What is being asked: Type out the lines below exactly, from the first through the line holding "This unique coated", and include no pictures.

Dataset excerpts:
──────────
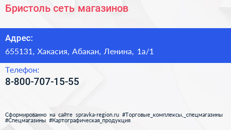 Бристоль, сеть магазинов по адресу 655131, Хакасия, Абакан, Ленина, 1а/1 в дальнейшем Организация, размещена в следующих категориях:
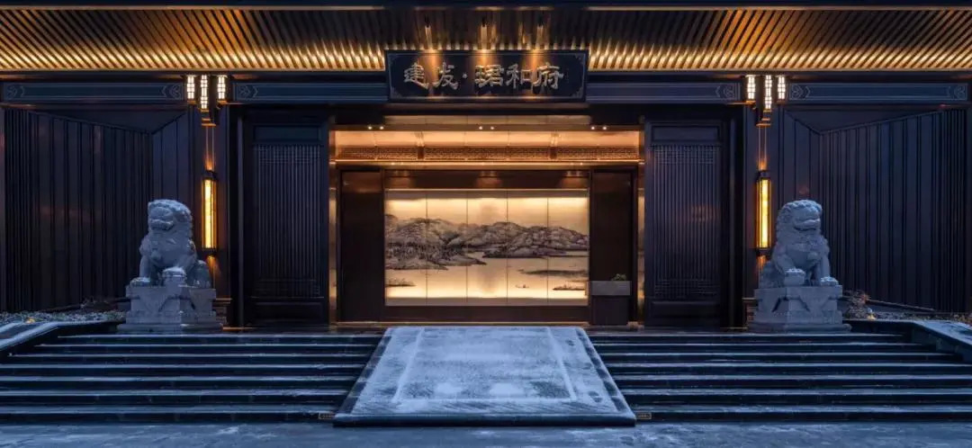项目延续了建发新中式的风格,采用了中国式的王府大门,展现了唐朝盛世最恢宏典雅的风仪,大气又不失婉约。
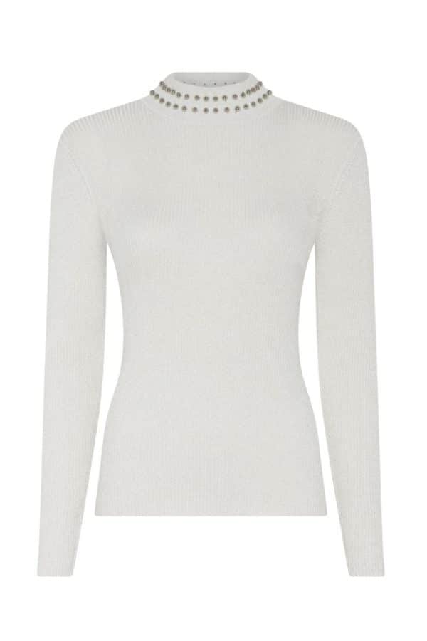 Den perfekte larngærmet med fede detaljer er landet. Denne bluse er fra Bruuns Bazaar og er en flot finstrikket sag med en lille hals med fine perler. Fåes også som kjole i sort
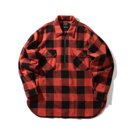 クラシカルなチェック使いとルーズなシルエットが新鮮なプルオーバーシャツ。程よい厚みのフランネル生地はレイヤード使いに最適です。古着によく見られるクラシカルなディテールを踏襲しつつも、ルーズながら随所にメリハリのあるフィット感を持たせる事でトレンド感のある着こなしをお楽しみいただけます。
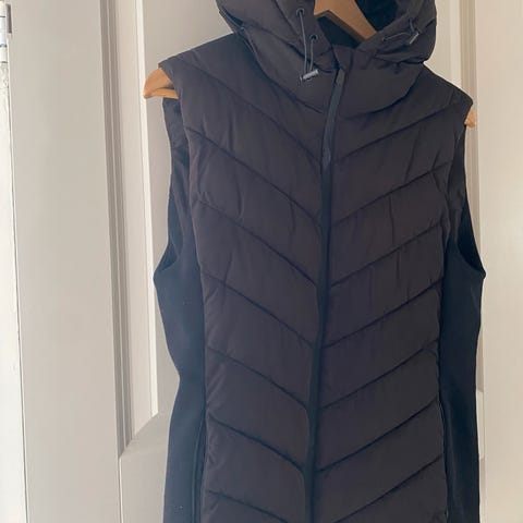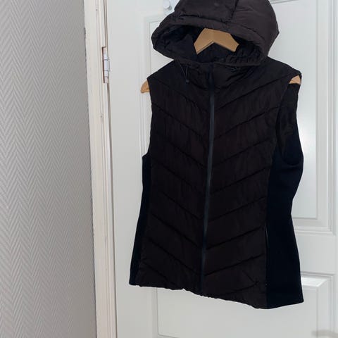 Puffer vest fra Gina Lab med en posete passform. Vesten er svart og unisex og har et materiale i gjenvunnet polyamid. Den har en vannavstøtende funksjon, en høy krage, en brystlomme med glidelås, en glidelås- og knapplukking foran og foring i resirkulert dun.
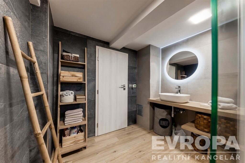 Interiér je dokonalým propojením dřeva, doplněné o designovou dlažbu, luxusní spotřebiče a hlavně je zde na každém kroku cítit otisk vkusného a praktického využití každého koutu.
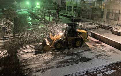 今朝は、早い時間から業者の方による除雪が行われました。朝早くからありがとうございました。また、本校用務員も生徒の登校前から除雪を行いました。
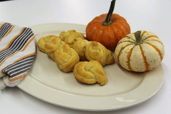 - Bake the Jack-o’-lanterns at 375 degrees for five to seven minutes or until they are golden brown. Cut into quarters and serve.
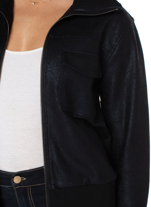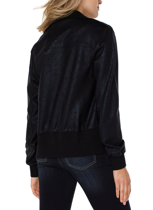 This unique coated bomber jacket is super comfortable and easy to wear! Pair this jacket with denim and sneakers for a casual get-up around town or pair with a legging and slip on some heels for a night out!
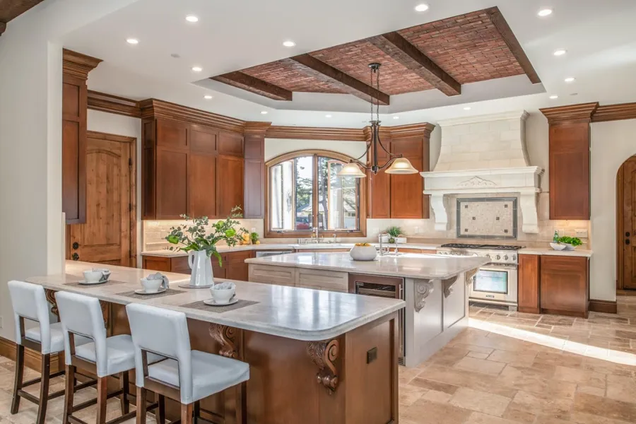 Rich in the tradition of the Old-World era, this new Mediterranean-style home on 1 acre makes an impressive statement of luxury and design. Sited on the 13th fairway of Poppy Hills Golf Course, this spacious 5228 sf, single level home blends past and present with rich textures and architectural details. With delightful arched windows and entryways, beamed ceilings, and alder wood cabinetry, stone floors, French doors, and 12' ceilings, this pristine 5-bedroom and 5.5-bathroom home with 2 separate attached garages also features an alder wood library with a labyrinth ceiling and French doors opening to a tiled courtyard with decorative wrought iron. The chef's kitchen merges tumbled marble and granite with custom cabinetry and stainless steel appliances. The backyard covered loggia with travertine patio and steps provide a serene outdoor living space to relax and enjoy the beautiful golf course landscape. Less than a mile from Pebble Beach Lodge.
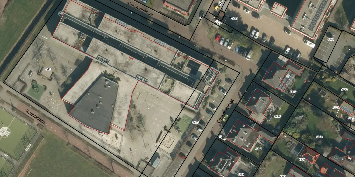 Het perceel waarop Conventstraat 48 staat heeft een oppervlakte van 6575 m². Dit is een zeer groot perceel. De perceeloppervlakte wordt geregistreerd door het Kadaster. Gedetailleerde informatie over de maten van dit perceel kunt u vinden in het rapport Kadastrale kaart met maatvoering van Conventstraat 48.
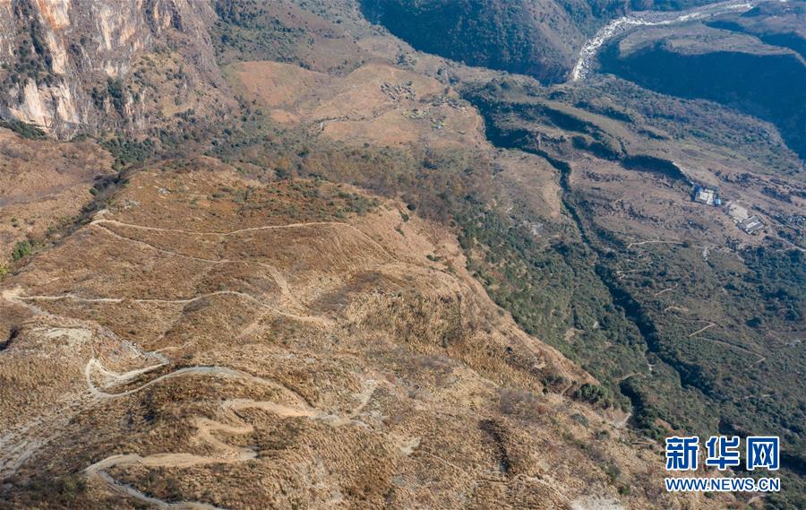 俯瞰通往阿布洛哈村的羊腸小道(2019年12月27日攝,無人機(jī)照片)。新華社記者江宏景攝
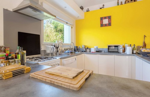 We offer you a spacious living room with four doors opening directly onto the terrace, a large dining table next to a large bay window offering a sea view, a ping-pong table for entertaining moments with friends in the heart of the living room, a relaxation area in front of the TV and the fireplace. A fully equipped kitchen, a bathroom with bathtub, and two bedrooms linked by a shared shower room. If you're bringing the kids, there's a large garden with a swing so they can play in complete freedom.
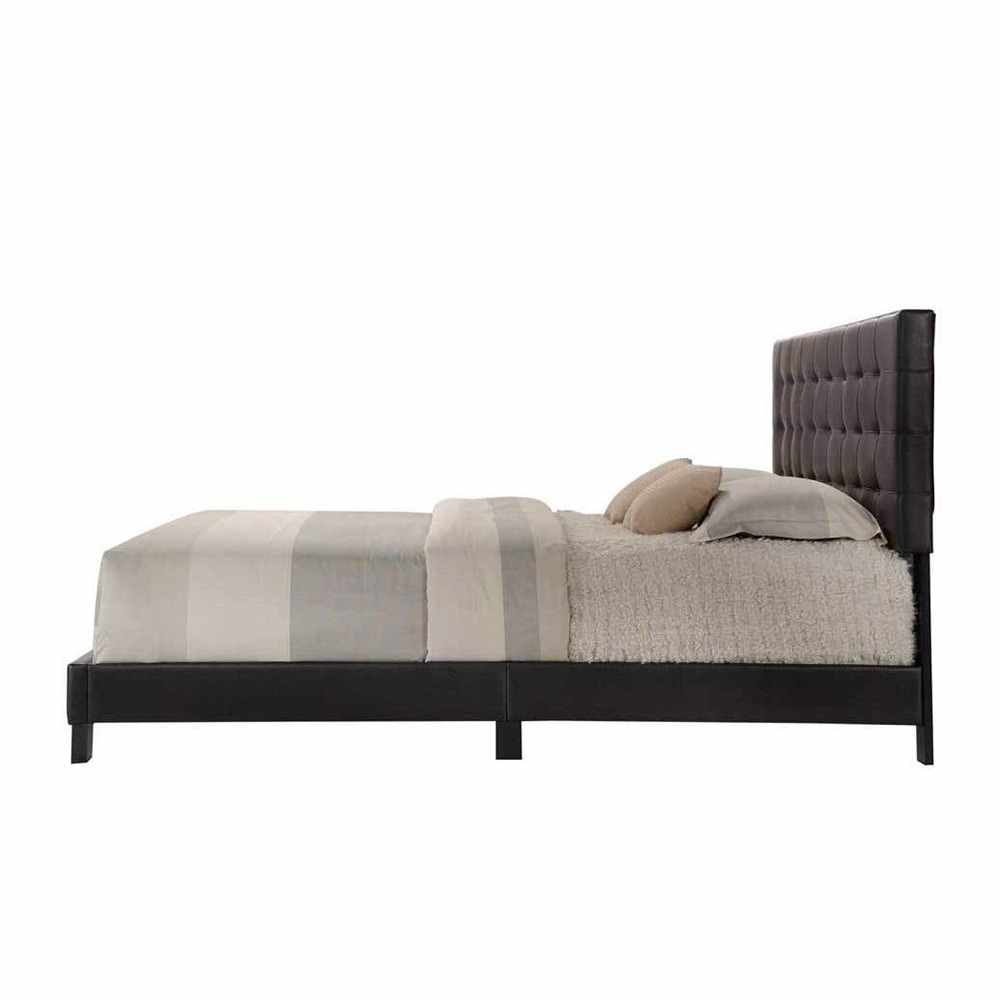 Redesign your bedroom around the classic style of this platform bed. Made from espresso-colored polyurethane faux leather, the bed features a high headboard with button tufting for comfort. Home Mart care for your comfort and for your loved once, every side of the bed crafted beautifully and with care accordingly to the needs of the customers.
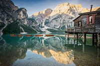 Het beroemde Lago di Braies ofwel Pragser Wildsee meer met groen water, een boothuisje en roeiboten in het kalme water met de weerspiegeling van de omliggende Dolomieten op een zomermorgen in Italië.
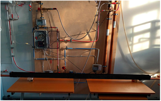 The experimental studies were carried out in a research laboratory located at the Rzeszow University of Technology (Poland). The ambient temperature in the room where the experimental analyses were conducted was continuously monitored and was between 23–25 °C. Three Sharky 473-type ultrasonic flowmeters were used to measure water flow rates in the DHW preparation system. Temperature measurements of water and greywater were carried out using Pt500 resistance temperature sensors. Measurement data obtained during the experimental analyses were recorded using a Simex MultiCon CMC-144 recorder. Figure 3 shows photographic documentation of the test stand.
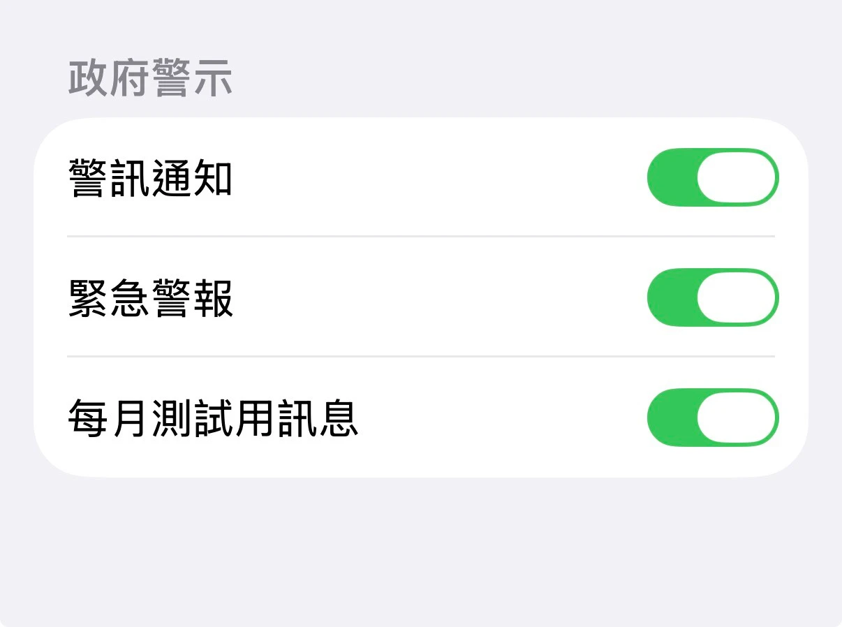 iPhone用戶可進入手機的「設定」,在「通知」選項中找到「政府警示」,將「每月測試用訊息」關閉。相對的,若擔心沒收到通知,也可來此檢查確認是否有開啟通知。
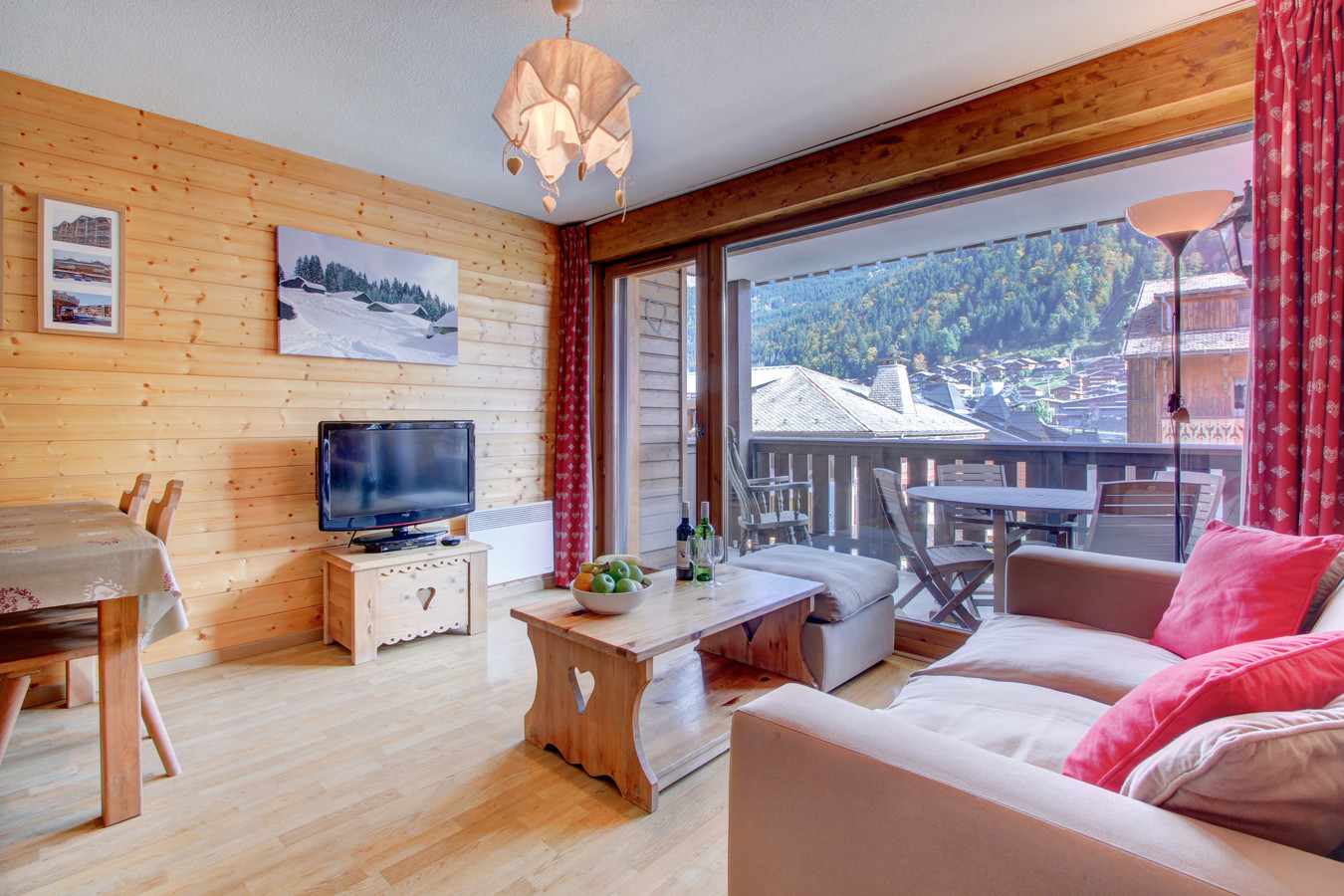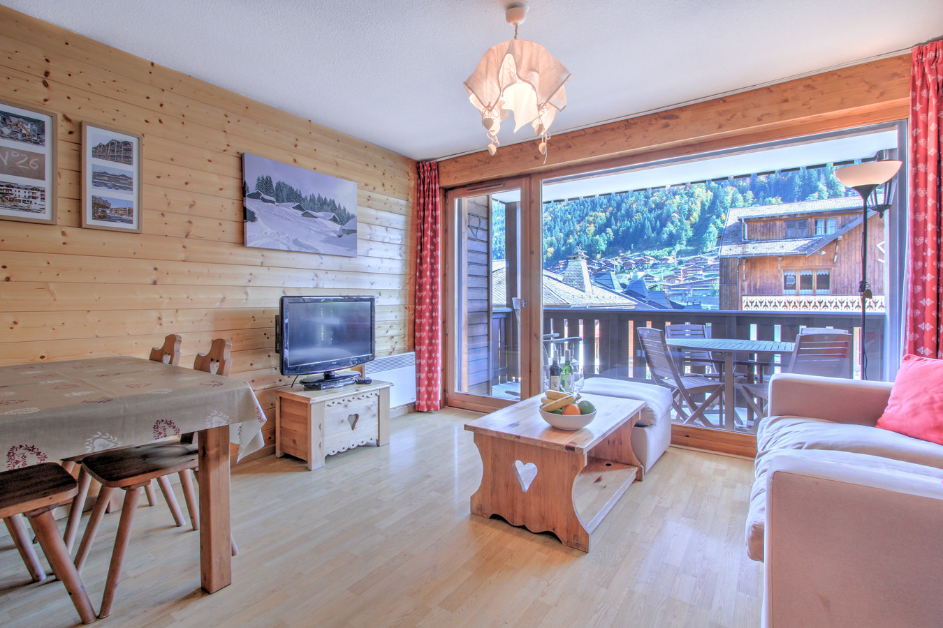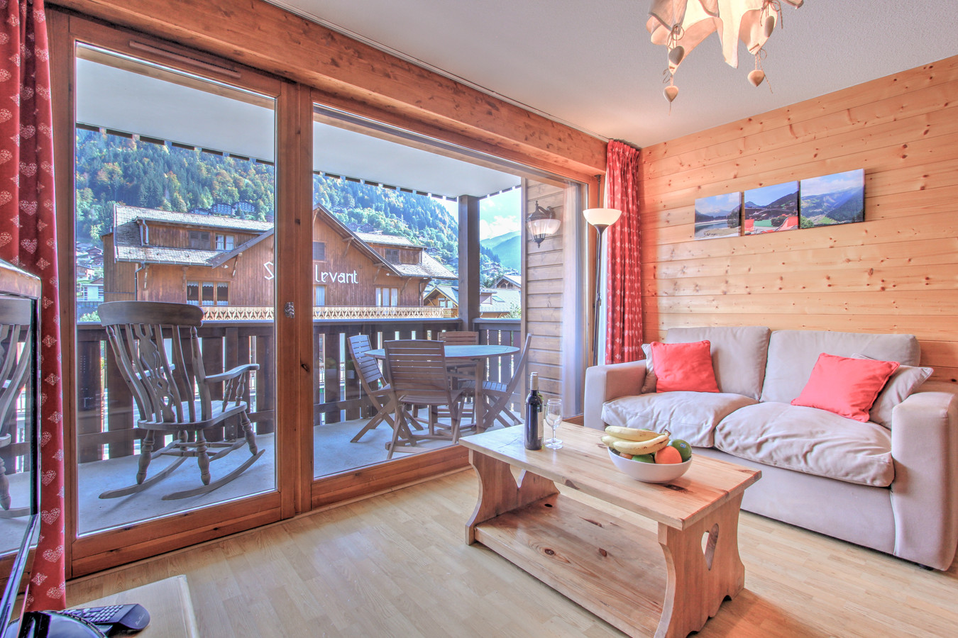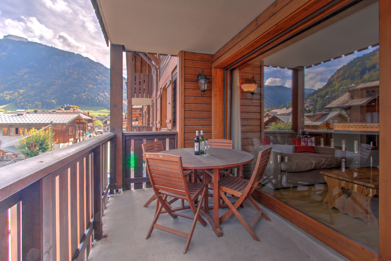 Doors on to NE facing terrace overlooking Super Morzine and Morzine centre
──────────
Answer for this exercise:
 Бристоль, сеть магазинов по адресу 655131, Хакасия, Абакан, Ленина, 1а/1 в дальнейшем Организация, размещена в следующих категориях:
项目延续了建发新中式的风格,采用了中国式的王府大门,展现了唐朝盛世最恢宏典雅的风仪,大气又不失婉约。
 Den perfekte larngærmet med fede detaljer er landet. Denne bluse er fra Bruuns Bazaar og er en flot finstrikket sag med en lille hals med fine perler. Fåes også som kjole i sort
 クラシカルなチェック使いとルーズなシルエットが新鮮なプルオーバーシャツ。程よい厚みのフランネル生地はレイヤード使いに最適です。古着によく見られるクラシカルなディテールを踏襲しつつも、ルーズながら随所にメリハリのあるフィット感を持たせる事でトレンド感のある着こなしをお楽しみいただけます。
 Puffer vest fra Gina Lab med en posete passform. Vesten er svart og unisex og har et materiale i gjenvunnet polyamid. Den har en vannavstøtende funksjon, en høy krage, en brystlomme med glidelås, en glidelås- og knapplukking foran og foring i resirkulert dun.
 Interiér je dokonalým propojením dřeva, doplněné o designovou dlažbu, luxusní spotřebiče a hlavně je zde na každém kroku cítit otisk vkusného a praktického využití každého koutu.
 今朝は、早い時間から業者の方による除雪が行われました。朝早くからありがとうございました。また、本校用務員も生徒の登校前から除雪を行いました。
 - Bake the Jack-o’-lanterns at 375 degrees for five to seven minutes or until they are golden brown. Cut into quarters and serve.
 This unique coated bomber jacket is super comfortable and easy to wear! Pair this jacket with denim and sneakers for a casual get-up around town or pair with a legging and slip on some heels for a night out!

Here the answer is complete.